The survivors decide to give Iris what they call a "birthmark" — a tattoo on her back that allows people to distinguish actuals from imprinted people. Dr. Saunders suddenly appears on the Dollhouse's main floor; but it seems that she has reverted to her doll persona, "Whiskey". The survivors surround her, weapons aimed, accuse her of killing Lynn, and are about to execute her when she says she can lead them to "Safe Haven," a rumored place away from imprinting and "tech." Whiskey states that the memories in the tablet would lead them there.

In another imprinted memory Victor, who has been imprinted with Mr. Ambrose, a high-ranking executive in the Rossum Corporation, informs DeWitt and Topher that the company is going to begin selling the bodies of the actives for "a lump nine-figure sum." Select clients will have immortality, similar to that discussed in the episode "Haunted." Topher is visibly upset but says nothing. DeWitt is shocked and protests about the legality of such a procedure, but Ambrose informs DeWitt that it will be legal in a year, as everyone in a position of authority is either a client or "one of ours." When DeWitt threatens to reclaim Victor's body, Mr. Ambrose tells her that she can opt out, but that he is currently in ten other dolls talking to ten other Dollhouse administrators, and that Rossum will know if they choose not to cooperate.

Back in 2019, Iris kills Griff, then frames her father, still in the chair, by shoving the gun in his hand and screaming to attract attention. While Zone takes the father to the bathroom and executes him, Whiskey imprints herself with another set of memories: Mr. Dominic retrieved from the Attic by DeWitt and Topher; by this time, much of the general population had already been imprinted, beginning the apocalyptic events leading to the current situation. Dominic gloats about how he was right about them losing control, but DeWitt asks him to join them. They have a way to fight back: Caroline is now immune to imprinting.

Whiskey is given another memory in which Victor and Sierra are seen with their original personalities back. Victor shows Sierra hidden hard drive wedges with copies of everyone, while also showing that Sierra is the one who began the ideas of tattoos to be placed in order to remember who they really are. She also mentions for Victor to be careful when he leaves to go to the surface, stating "Don't forget what happened to November" (something that is explained in the season 2 episode "The Hollow Men").

The survivors find the wedges and decide to imprint Whiskey with Caroline's personality. With the loss of Griff, Zone decides that it's time for Iris to have a gun to protect herself. Before long, Iris turns her gun on them revealing that she is an imprint. She does not know how she ended up in a child's body but she is going to take Mag's, and Zone's usefulness is at an end. When she fires her gun at Zone, she finds that it is unloaded, and after a brief struggle Zone puts her into the chair and they activate the chair, overwriting Iris's personality. Zone explains that he figured out that Iris was not who she claimed she was when he executed her so-called father: he had a tattoo but it did not match Iris's surname.

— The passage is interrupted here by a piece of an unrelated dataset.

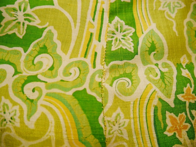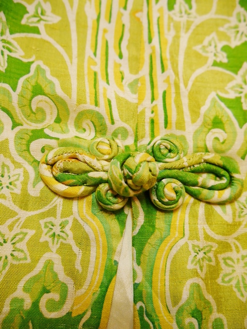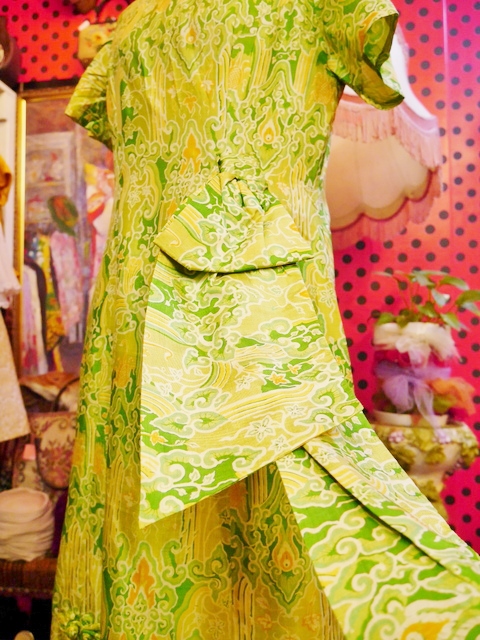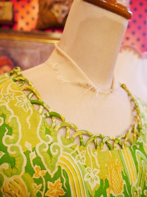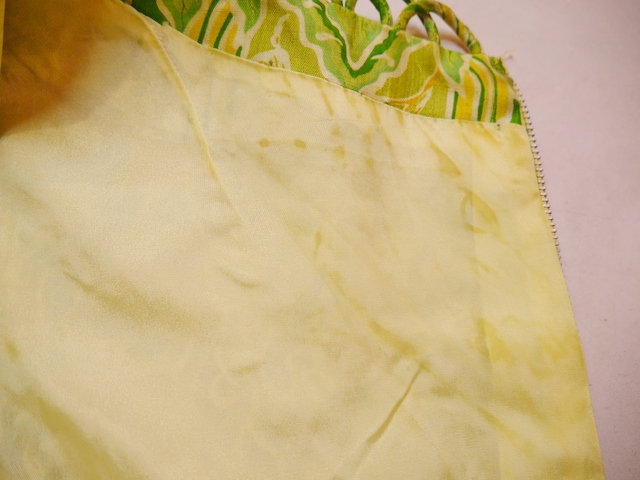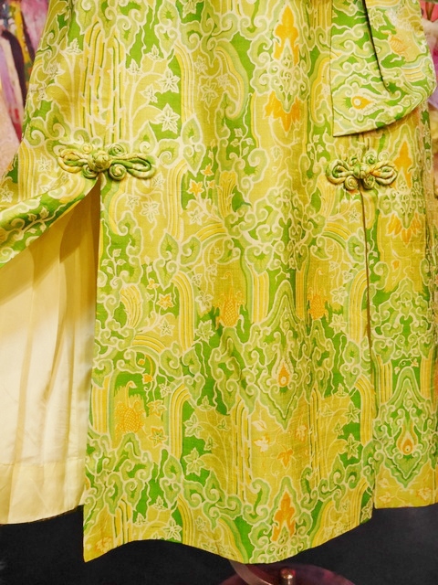 黄緑ベースのサイケデリック模様に首元のデザイン×インパクトたっぷりの大きなコサージュが素敵な1960~70年代頃のヨーロピアンロングドレス 前身頃のスリットとアジアンノットがお洒落ポイント!★SALE★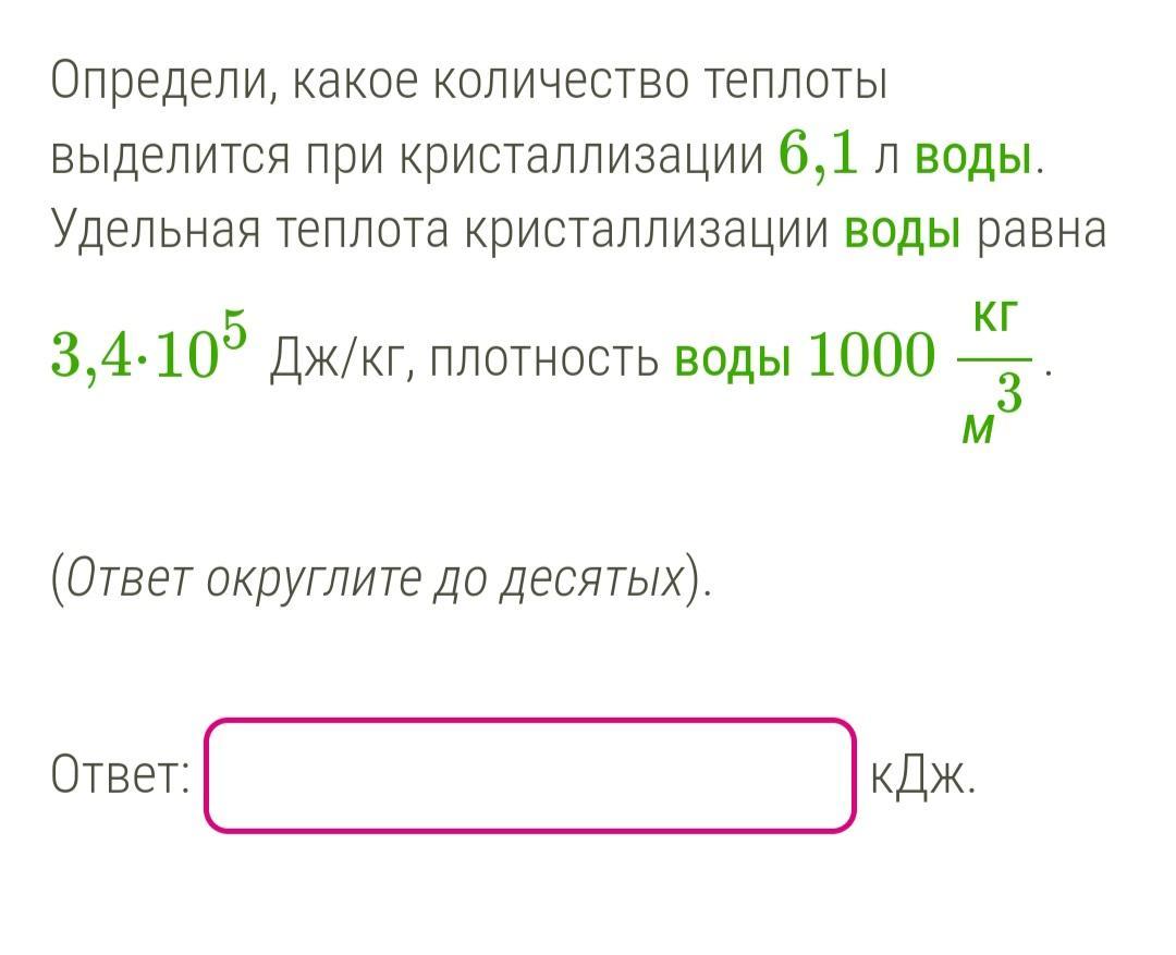 Q=LVρ=3,4*10⁵*0,0061*1000=2074000Дж=2,074МДж

In the memory set in Iris's imprint, the Dollhouse has isolated itself. The actives have all been given their original personalities back. Topher, now mentally unstable, explains to DeWitt that a phone call could be made, and anyone who picked up the phone would be imprinted (similar to the way Echo was wiped in "Gray Hour"). This would create an instant army of people programmed to kill everyone who isn't imprinted. Topher realizes that this is happening because of the technology he made possible: imprinting people with waves rather than the slower, analog method. The guilty realization of the part he has played in causing armageddon has driven him mad. DeWitt tries to comfort him but they are interrupted when a series of crashes is heard from elsewhere in the Dollhouse, which turns out to be someone trying to break through a block wall sealing off the entrance to the complex. The residents take up arms and prepare to defend themselves as the wall comes down, revealing Caroline and Paul, who have
returned to take the actives to a compound, which is a place where they will be safe from imprinting, thanks to Alpha. Caroline requests that Topher make a copy of her personality to help others find the way there in case she's killed or another group of people finds the Dollhouse. Saunders explains that Topher no longer enters the imprinting room, but she volunteers to make the copy herself. As preparations to leave the Dollhouse are underway, DeWitt notes that Echo has returned to save the actives, but asks what her plans are for the former Dollhouse administrative staff. Caroline cocks her pistol and the memory ends.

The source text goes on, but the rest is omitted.